Trouver du travail ? Il suffit, proclame-t-il, de traverser la rue ou de faire le tour du port. Ou, pourquoi pas, de créer sa propre entreprise.
En affirmant dès son accession au pouvoir son concept de « start-up nation », Emmanuel Macron a planté le décor de sa doctrine : la France réussira en attirant les investisseurs étrangers – qu’il invite chaque année au château de Versailles – et en développant l’esprit d’entreprise.
Cela a en partie fonctionné. Le chômage est en baisse et la croissance en hausse. Mais à quel prix ! Emmanuel Macron n’a oublié ou dédaigné qu’une seule chose : tout le monde n’a pas cette capacité à se hisser au niveau demandé. En laissant trop de gens au bord du chemin, il a créé tous les ingrédients de la colère qui explose aujourd’hui.
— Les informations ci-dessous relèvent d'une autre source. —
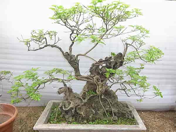 黄荆的“养胚”可用纯砂土,也可用腐殖土混合沙土进行栽培,从实际经验来看,建议采取“浅栽高围”的方式进行养护,这样,既可以提高成活率,又可以节省养胚上盆步骤,还可以为逐步提根露爪打下基础。上盆前,首先对素材进行修剪整理,修剪时要因材取势,仔细审视,确定盆景大致造型模式,然后保留有用枝条,去除过密枝和无用枝,不保留叶片;对根部处理时,剪除伤根和过长的根,尽量保留须根和毛细根,并注意剪口的平滑,然后涂抹愈合剂或者硫磺粉处理剪口。黄荆若是下山很快上盆,完全不必用生根粉或者清水浸泡,若是时间过长,就需要用清水浸泡,或适当添加生根粉,一般浸泡半个小时即可,脱水严重适当延长浸泡时间。

Quand le gouvernement d’Edouard Philippe annonce dès 2018 la taxe carbone, le mouvement des Gilets jaunes s’étend à tous les carrefours du pays. La France qui vote Macron, celle des villes, des bonnes études et des hauts revenus découvre, ébahie, la France des laissés pour compte dans les campagnes, ceux qui ont besoin de leur voiture pour travailler. Une France qui bascule vers la radicalité populiste, de droite et de gauche parce qu’elle ne parvient simplement plus à joindre les deux bouts. Parce que même quand elle travaille, ses revenus ne lui permettent pas de boucler la fin du mois.
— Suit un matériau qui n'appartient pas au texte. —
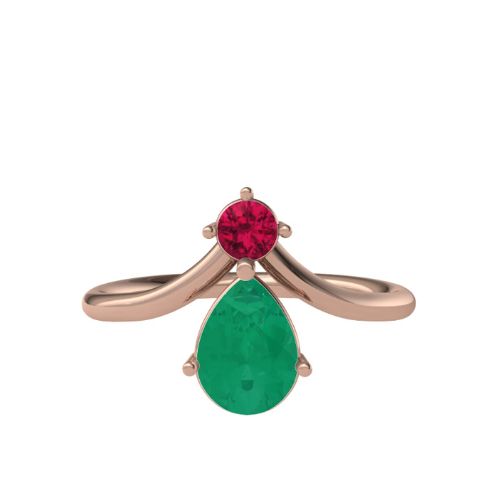 Rodolit garnet ve kök zümrüt 18 ayar rose altın yüzük

C’est la même fracture qui se révèle avec la première puis la deuxième réforme des retraites. Le raisonnement de Jupiter selon lequel il faut travailler plus longtemps pour créer plus de richesses et assurer le niveau des pensions est une évidence contre laquelle ne peuvent que s’insurger ceux pour qui le travail est une souffrance telle qu’ils ne parviennent pas à se projeter sur quelques années de plus, jusqu’à 64 ans.
On se rappelle aujourd’hui que dès le printemps 2018, Emmanuel Macron avait rejeté le plan Borloo pour les banlieues. Trop médiatique, trop connu, pas assez soumis à Jupiter, Jean-Louis Borloo avait pourtant tout compris, mais s’est fait rejeter. On nous assure que des milliards ont tout de même été injectés dans les quartiers difficiles. Mais qui connaît Olivier Klein, le ministre de la Ville que l’on découvre aujourd’hui ? Qui l’a vu sur le terrain, aller à la rencontre des jeunes, des associations, pour écouter et comprendre ?
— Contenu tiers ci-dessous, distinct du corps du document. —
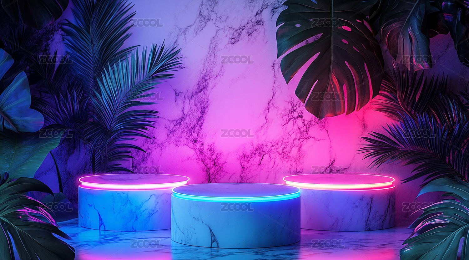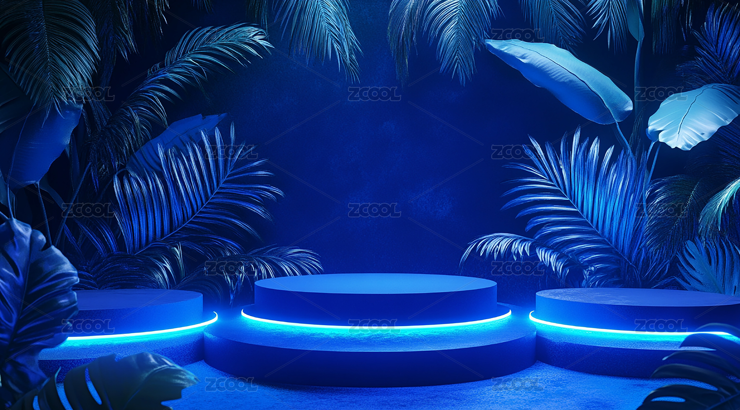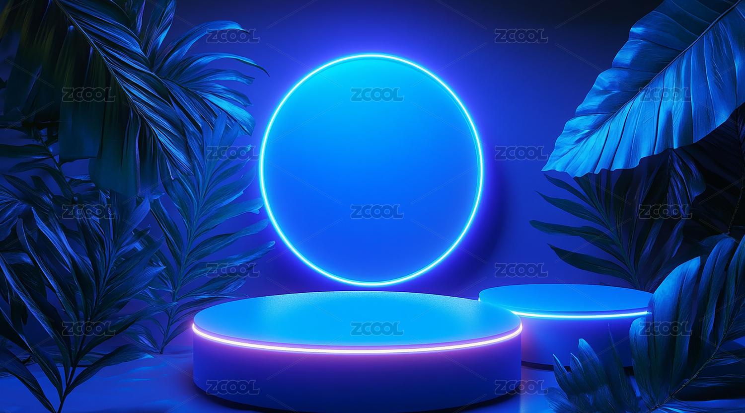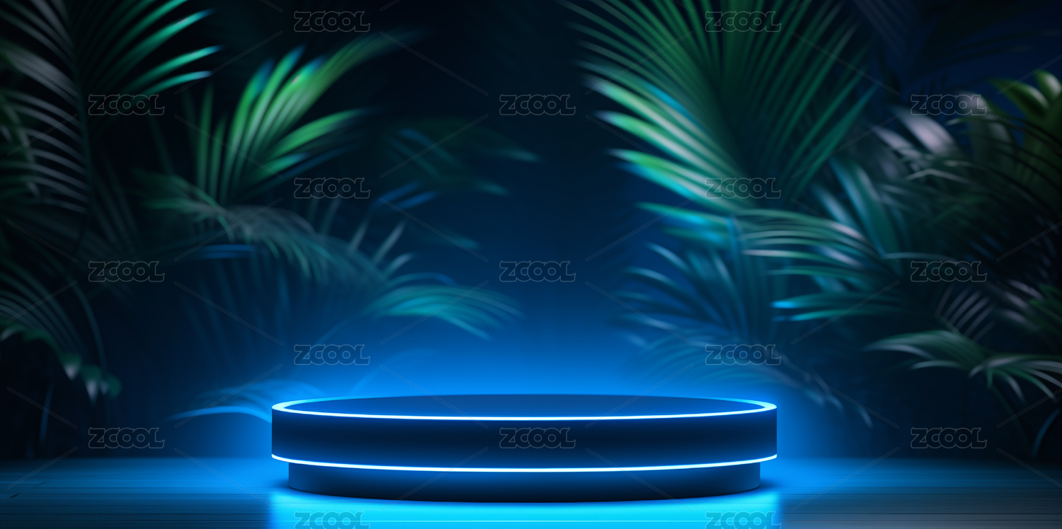 蓝色,灯光,照射,植物,展台,平台,几何,场景,展示

L’insoutenable mort de Nahël est l’étincelle qui allume le feu qui couvait dans le pays. Les émeutes révèlent, cette fois encore, la détresse et la révolte des laissés pour compte. Ceux qui cassent les vitrines des magasins d’alimentation ou de vêtements de marque font preuve d’une inacceptable violence et bafouent les lois de la République.
Mais ils révèlent aussi la façon dont, depuis six ans, personne ne les a pris en considération. Les poussant à une radicalité qu’on ne sait, désormais, comment l’apaiser.